Explore 5 Pilates Exercises Utilizing a Pilates Ring

The Pilates ring is a versatile piece of equipment commonly utilized by Pilates experts. It facilitates a wide range of exercises, some of which are outlined below.

Explore 5 Pilates Exercises Utilizing a Pilates Ring

The Pilates ring, also known as the magic ring, is a remarkable piece of equipment. Despite its small size and lightweight design, it offers a multitude of exercise possibilities. Legend has it that the Pilates ring is akin to a magic ring, while the half-cut barrel represents the spine corrector. Nowadays, the magic ring has evolved with various adaptations, typically featuring a metal loop with parallel rings on the sides. It serves as a versatile tool for both upper and lower body workouts, adding a new dimension to your Pilates routine. Unlike other Pilates equipment, it is less complex and easier to use. With a Pilates ring, you can conveniently perform exercises at home, enhancing your fitness regimen. If you’re unsure where to start, our expert Vesna Jacob has curated five simple yet effective Pilates exercises utilizing the Pilates ring. Incorporate these exercises into your daily routine for a comprehensive full-body workout, all from the comfort of your home.

5 Pilates Exercises Using the Pilates Ring

Here are five recommended exercises to try with the Pilates ring, as suggested by experts.

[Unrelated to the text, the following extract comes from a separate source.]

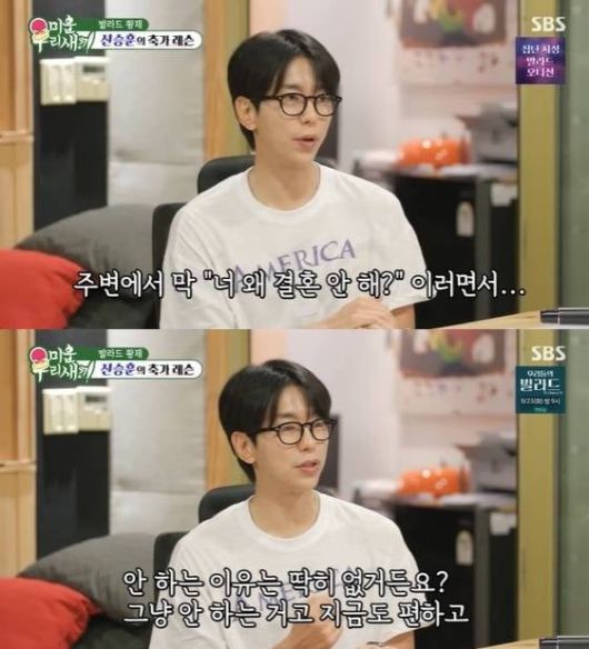 윤현민은 이야기 중 결혼에 대한 생각도 털어놨다. 그는 "내가 결혼 안 하는 이유는 그냥 안 하는 거다. 지금이 너무 편하다"고 말했다. 이어 윤현민은 "결혼을 꼭 해야 한다는 압박감보다는, 지금 내 생활이 만족스럽다보니 급하지 않다"고 덧붙였다.
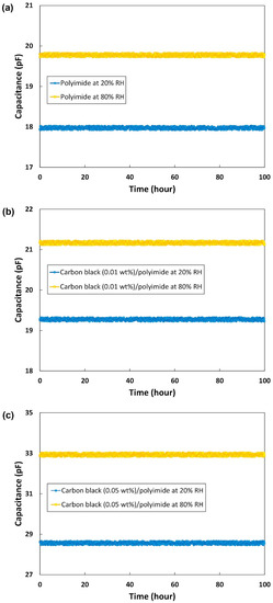 To evaluate the long-term stability of the humidity sensor, the capacitance was measured and recorded for 100 h at two different ambient conditions: low humidity level (20% RH) and high humidity level (80% RH). Figure 7a–c show the long-term stability characteristics of the humidity sensors with 0, 0.01, and 0.05 wt% of carbon black, respectively. Because even the humidity sensor made of pure polyimide was very stable, a remarkable effect of the carbon black additive on the long-term stability was not observed. However, as shown in Figure 7, it can be confirmed that the capacitances of all the sensors are maintained very stably with a variation less than ±0.37%. This variation is thought to be mainly due to fluctuations of the humidity generating chamber. Even though the chamber is set at a certain level of humidity, there are always fluctuations, and they affect the output of the sensors. In addition, small temperature fluctuations in the chamber also exist. Because of this problem, our measurement set-up could cause a measurement error of around 1% RH for the three sensors. However, this limit may be improved by the calibration of the equipment or obtaining more data points for averaging.

5 Pilates Exercises Using the Pilates Ring
  • Begin by lying on your back on a mat.
  • Bend your knees and position the Pilates ring above your chest, holding it with bent elbows.
  • Inhale, then proceed to squeeze the ring above your chest for a count of 10.
  • Next, release your grip on the ring and extend your arms upward toward the ceiling.

2. Thigh exercise

Thigh exercise
  • Position the Pilates ring between your inner thighs.
  • Squeeze the ring together 10-20 times, engaging the inner thigh muscles.
  • Following this, lift your hips off the ground while continuing to squeeze the ring.
  • Repeat the hip lift motion 10-20 times.
  • This exercise targets the legs, inner thighs, and glutes for a comprehensive workout.

3. Leg lifts and stretching exercises

Leg lifts and stretching exercises
  • Begin by securing your foot under the ring, positioning it at the lower section.
  • Initiate a profound stretch in both the hamstrings and calves.
  • Extend your lower leg fully to maximize the stretch.
  • The subsequent phase involves lifting the hip while moving the lower leg up and down.
  • Repeat this sequence 10-20 times.
  • This method not only enhances stretching but also targets leg and core strength simultaneously.

4. Adapted push-up stance

Adapted push-up stance
  • This represents the modified push-up stance.
  • Position the ring directly beneath the chest bone and extend both legs fully.
  • Now, proceed with the push-up movement.

5. Cross-legged workout

Adapted push-up stance
  • Sit comfortably with your legs crossed.
  • Position the ring in front of you and grip it firmly, squeezing it.
  • Next, place the ring to the side and press it against your hips.
  • Push against the ring while it’s against your side.

These are the five exercises achievable at home using a pilates ring. They effectively target major muscle groups. Aim for 10-20 repetitions and three sets in the specified order for a comprehensive full-body workout. If you’re new to pilates, consult a professional to mitigate any potential risks associated with the exercises, especially if you have underlying health concerns.